PROGETTAZIONE

Arcadia Center: una grande opera di riqualificazione urbana

L'ambizioso progetto è stato presentato da Fabio De Astis, BIM manager di F&M Ingegneria SpA, nel corso della tappa padovana di One Team Tour

27 DICEMBRE 2019
progettazione, sostenibilità, riqualificazioneurbana, openbim, oneteam e f&mingegneria

Fabio De Astis, BIM manager di F&M Ingegneria SpA, durante il suo intervento nel corso della seconda tappa del Tour di One Team nelle maggiori città italiane, ha presentato l’ambizioso progetto di Arcadia Center. Come spiega lo stesso De Astis, Arcadia Center è un progetto destinato ad accogliere il nuovo headquarter di Volkswagen e Volkswagen Bank in Via Grosio, quartiere Gallaratese di Milano. L’intervento riguarda un edificio esistente degli anni ’70 che sarà oggetto di una ristrutturazione totale eseguito con metodologia Open Bim.

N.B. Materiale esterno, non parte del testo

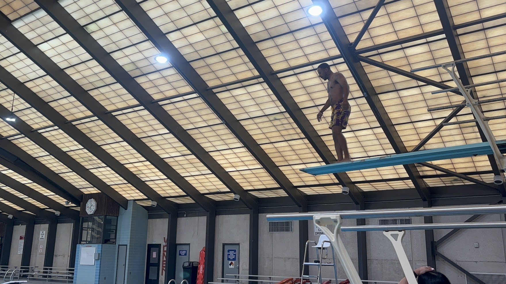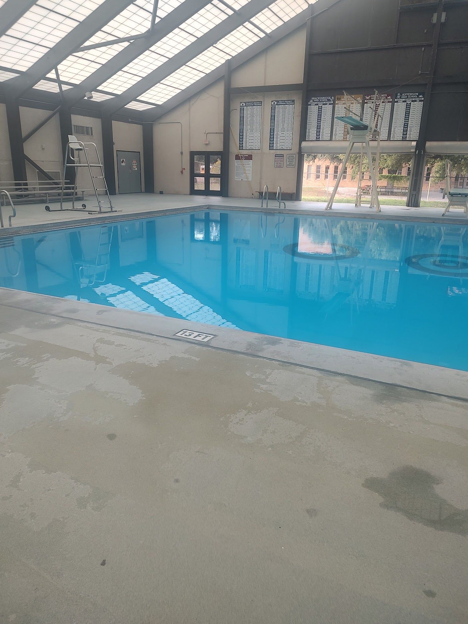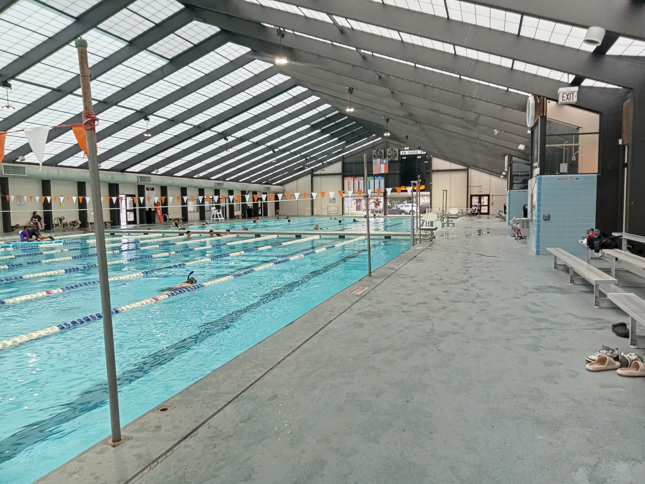 Great combination of shade + open airflow with the sides & partial roof opening. Main pool is a consistent 4.5feet throughout. Lap pool is separated at a slightly deeper 5feet & diving board is great with a small/large option in a 13ft pool. Admission is usually $4 for adults. Only nitpick is the water in the main pool leaves a really strong pool smell on you.

L’area di interesse si estende su 20 mila mq di superficie che, grazie al progetto dello studio di architettura Giuseppe Tortato, cambierà totalmente aspetto. L’intero quartiere sarà soggetto a una importante opera di riqualificazione che intende mettere al centro della progettazione il tema della sostenibilità, umana e ambientale. Infatti aria, luce e verde sono qui rappresentati come veri elementi architettonici. Il basso livello di impatto ambientale, i criteri di progettazione, costruzione e gestione in tema ambientale, sociale e economico ha fatto ottenere ad Arcadia Center la certificazione LEED, posizionandola in cima alle classifiche come uno degli edifici con minor impatto eco ambientale della città meneghina. Giuseppe Tortato ha scelto di mantenere la dinamicità dell’edificio originale attraverso un design curvilineo e un contrasto tra il bianco delle facciate che avvolgono l’edificio e il grigio che compone gli elementi più spigolosi. Il Committente, Fondo Immobilium 2001, fondo di investimento immobiliare di tipo chiuso e destinato al terziario, ha chiesto che il progetto di riqualificazione di Arcadia Center fosse sviluppato con tecnologia BIM (Building information modeling).

È proprio grazie alla progettazione BIM nelle diverse fasi che il team è riuscito a garantire la massima efficienza, creando inizialmente un "modello federato" del progetto che è stato messo successivamente a disposizione sul "cloud proprietario" per garantire eventuali verifiche da parte del committente. All'interno del "modello federato" sono stati collegati tutti i modelli multidimensionali relativi alle varie discipline (architettura, strutture ed impianti). La struttura creata in Open Bim, oltre ad aver permesso la condivisione delle informazioni in fase di progetto, consentirà in futuro di ottimizzare la manutenzione dell'edificio, avviando così una fase di integrazione tra i processi e la sostenibilità dell’immobile.

Lo studio Tortato si è occupato del coordinamento del team di progetto composto da F&M Ingegneria per la parte strutturale, Tekser per gli impianti e il leed assessment: un sistema che connette i modelli multidimensionali relativi alle varie discipline (architettura, strutture e impianti) in un cloud system condiviso con il proprietario dell’edificio. Questo sistema, oltre ad ottimizzare il coordinamento della fase progettuale, consentirà in futuro di gestire in maniera ottimale la manutenzione dell’edificio, integrando e migliorando assiduamente la sostenibilità e l’efficienza dell’immobile nel corso del tempo. All’interno, l’Arcadia Center è disegnata per ospitare spazi flessibili, come naturale continuità degli spazi esterni, in grado di offrire il massimo comfort a chi li abiterà.